## ASSIGNMENT
After locating the line that contains "Каталог запасных частей" in the material below, copy that line and each one following it, exactly, up to the last line. Pictures stay out.

## SUPPLIED MATERIAL
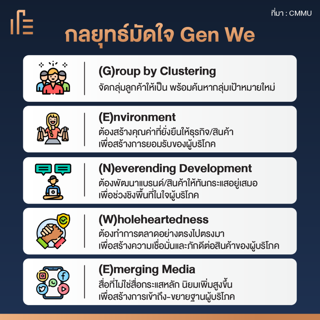 ทีมงาน thumbsup ได้นำข้อมูลจาก CMMU เกี่ยวกับชาว Gen We ที่เรียกว่าเป็นบุคลิกที่หลากหลายไม่สามารถจำแนกอายุ เพศ ความต้องการได้ชัดเจนแบบเดิม แต่เป็นการผสมผสานของคนหลายรูปแบบแต่มีพฤติกรรมในแนวทางเดียวกัน มาฝากค่ะ
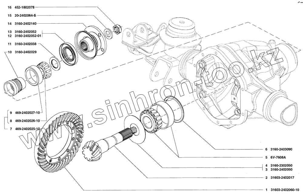Каталог запасных частей к технике: УАЗ Patriot. Передача главная переднего и заднего мостов
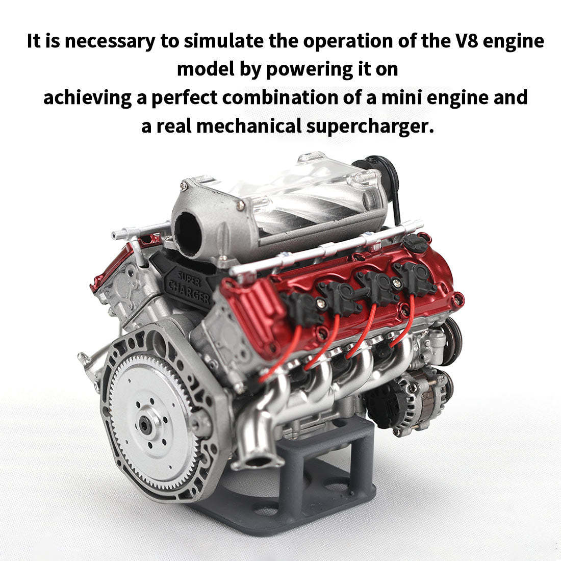Model KIT That Works: Product based on pre-color, users need to install. The V8 engine model can simulate the operation with electricity. At the same time, considering the stability and reliability of operation, we made the full bearing structure of the driving part in the mini space.
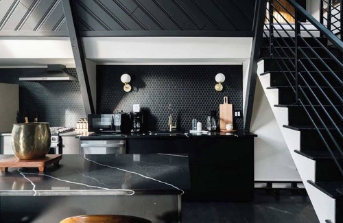 In the loft upstairs, you’ll find the primary bedroom, featuring a pillowy queen bed, sitting area, workspace, and en suite bathroom with a gorgeous walk-in glass shower and tons of natural light. On the main floor, you’ll find a second and third bedroom, which offer ample space for a family or group of friends. The second bedroom has bunk beds, and the third bedroom sleeps 2 with a twin bed and trundle.

## SOLUTION TO THE PROBLEM
Каталог запасных частей к технике: УАЗ Patriot. Передача главная переднего и заднего мостов
Model KIT That Works: Product based on pre-color, users need to install. The V8 engine model can simulate the operation with electricity. At the same time, considering the stability and reliability of operation, we made the full bearing structure of the driving part in the mini space.
 In the loft upstairs, you’ll find the primary bedroom, featuring a pillowy queen bed, sitting area, workspace, and en suite bathroom with a gorgeous walk-in glass shower and tons of natural light. On the main floor, you’ll find a second and third bedroom, which offer ample space for a family or group of friends. The second bedroom has bunk beds, and the third bedroom sleeps 2 with a twin bed and trundle.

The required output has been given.